Bangun tidur sudah menjadi rutinitas setelah sholat adalah, saya mencuci dan istri sibuk dengan peralatan dapur untuk sarapan kami. Sekitar jam 06.00 pagi, Pak Muji datang lewat belakang dan memberi instruksi kepada kru catering. Saya hanya mendengar dari kejauhan saja dan tentu saja tidak jelas. Saya pikir intruksi pagi ini adalah instruksi seperti biasanya mengenai duit belanja dan menu makanan. Kemudian jam 06.30, beliau datang lagi menagih intruksi yang diberikan. Saya dengar kurang jelas juga karena masih nge-teh dan nonton berita pagi tentang bajir dimana-mana. Saya belum ngeh waktu itu, kalau daerah yang diberitakan letaknya dekat dengan rumah kami. Sambil mengurus cucian saya usut intruksi bos pada kru catering. Mereka banyak yang "ngedumel dibelakang" karena tugas yang diberikan cuma diberi waktu 1/2 jam untuk menyelesaikan. Memang berat ya? Ya jelas, mereka ditugasi menyiapkan 100 bungkus nasi beserta lauknya untuk korban banjir di Banyuanyar dalam waktu 1/2 jam, mana bisa...kata mereka...hi...hi... Saya belum ngeh juga tuh waktu itu. Memang saya bloon kali ya. Ampun deh.

Tak seberapa lama, saya denger percakapan tetangga dan rekan kerja (Mas Sarsito), "ribut kecil" mengenai keberangkatan kerja mereka. Kebetulan juga, istri Mas Sitobekerja sebagai guru didaerah Banyuanyar juga. Saya belum ngeh juga waktu itu, dasar bloon. Telpon rumah 2 kali bunyi tapi telat terus ngangkatnya. Kebetulan si flexi dan smart masih status off karena charging. Ada apa sih?


Walau belum penuh, aku on-kan si flexi. 2 pesan masuk dari flexter yang mengatakan bahwa Banyuanyar, Kadipiro dan daerah sekitarnya butuh bantuan relawan. Otak baru deh mulai bekerja. Banyuanyar yang mana nih. Apa unit panti asuhan yayasan kami juga kena? tat...tit...tut...tet...tet... aku pencet nomor panti Banyuanyar. Loh koq yang ngangkat Mas Faris, teknisi komputer kantor saya. Berarti memang ada musibah di panti, padahal nggak pernah saya dengar selama 12 tahun di Solo, daerah itu kena banjir. Waduh gimana nih, mau berangkat langsung cuma ada 1 motor di rumah, karena motor yang satunya kutinggal di kantor (aku dan anakku nebeng mobil bos Muji sampai rumah karena hujan). Satu-satunya jalan saya langsung "ngopyak-opyak" anak dan istri untuk segera mandi dan bersiap berangkat.

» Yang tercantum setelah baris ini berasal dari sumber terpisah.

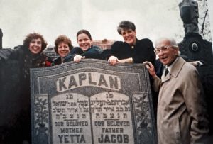 Cousin Ted just sent the photo, below, taken maybe 25 years ago. After my grandfather’s brother Bill’s funeral, we went to the cemetery, and Leo, the youngest brother, (Cousin Ted’s father), said his parents were also buried there, we should try to find their gravestones. We scattered to search, and I was the one who shouted, Here they are! Yetta and Jacob, immigrants from a shtetl near Minsk, who raised 7 children, including Bill, Leo, daughter Belle, and my grandfather Mike, in a small cold water tenement flat on the Lower East Side. Here’s Lola – Belle’s daughter – me, Becky – Lola’s granddaughter whom I just had lunch with at Balthazar in NYC and who lives on the Lower East Side a block from where her grandmother grew up – another relative, and Leo. Invisible here behind Leo is my beloved Uncle Edgar, the world bridge champion.

Sampai depan sekolah si kecil, aku langsung turun menuju kantor, taruh tas, dan pake helm langsung cabut ke Banyuanyar. Begitu keluar dari Perumahan Klodran menuju pertigaan Masjid Mujahidin, lalu lintas begitu ramai tidak seperti biasanya. Setelah pertigaan Masjid Mujahidin menuju panti asuhan, wow...terlihat korban banjir sedang sibuk-sibukya membersihkan rumah dan perlengkapannya. Kulihat kantor kelurahan dan kecamatan tidak kalah kotornya dengan lapangan di sebelahnya. Memasuki jalan Bone Timur III menuju panti asuhan dan kebetulan rumah bos besar juga disitu, penuh lumpur setebal mata kaki. Astagfirullah. Ya Allah ampuni hambamu ini yang penuh dosa dan semalam tidak peka dengan keadaan sekitar. Dalam hati saya sangat merasa berdosa sekali.

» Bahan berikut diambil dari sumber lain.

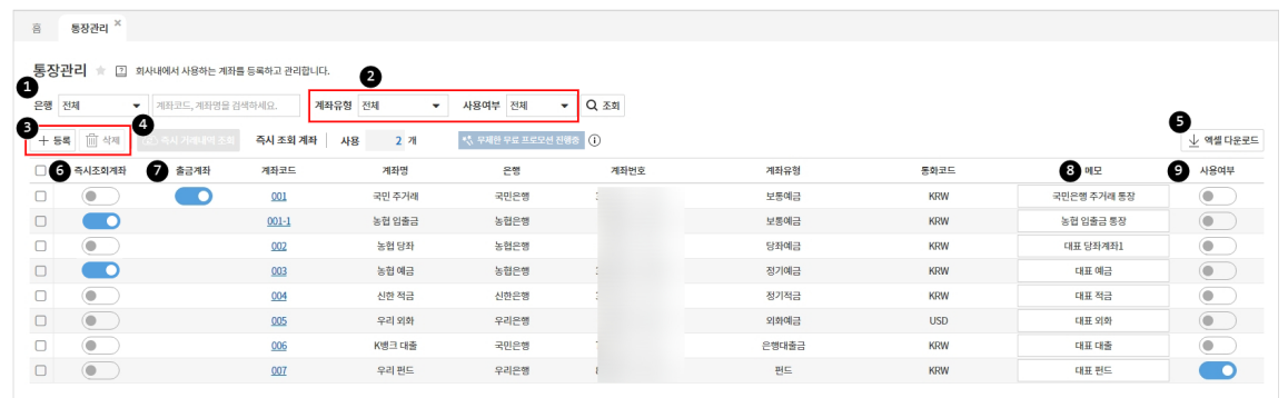 - 계좌 유형(보통예금, 정기예금 등), 사용여부로 필터링 가능

Memasuki gang samping rumah bos besar yang rumah besarnya berhimpitan dengan panti asuhan, kulihat Ustadz Kasori (bos juga nih) sedang asyik dengan gagang karet membersihkan lumpur didepan garasi bos besar. Maaf pak saya terlambat. Saya lihat sekeliling, masih ada bekas batas banjir di tembok-tembok rumah sekitar hingga dada. Motor dan mobil sudah penuh dengan lumpur dan harus service dulu kalau mau bisa jalan. Kulihat dalam garasi rumah bos besar, Pak Wir (empunya) sedang sibuk negepel beserta keluarga beliau. Maaf pak, sekali lagi maaf. Memasuki panti asuhan, kulihat sebagain rekan kerja sedang menjadi relawan di "rumahnya sendiri". Pak Nur (bos juga nih), Mas Sito, Mas Marsono, Mas Yono, dan Mas Faris saling berlomba membersihkan ruangan dalam hingga tampak seperti sedia kala. Ternyata oh ternyata, Pak Muji sedang membersihkan dapur. Maaf pak, maaf saudara sekalian atas dosa saya.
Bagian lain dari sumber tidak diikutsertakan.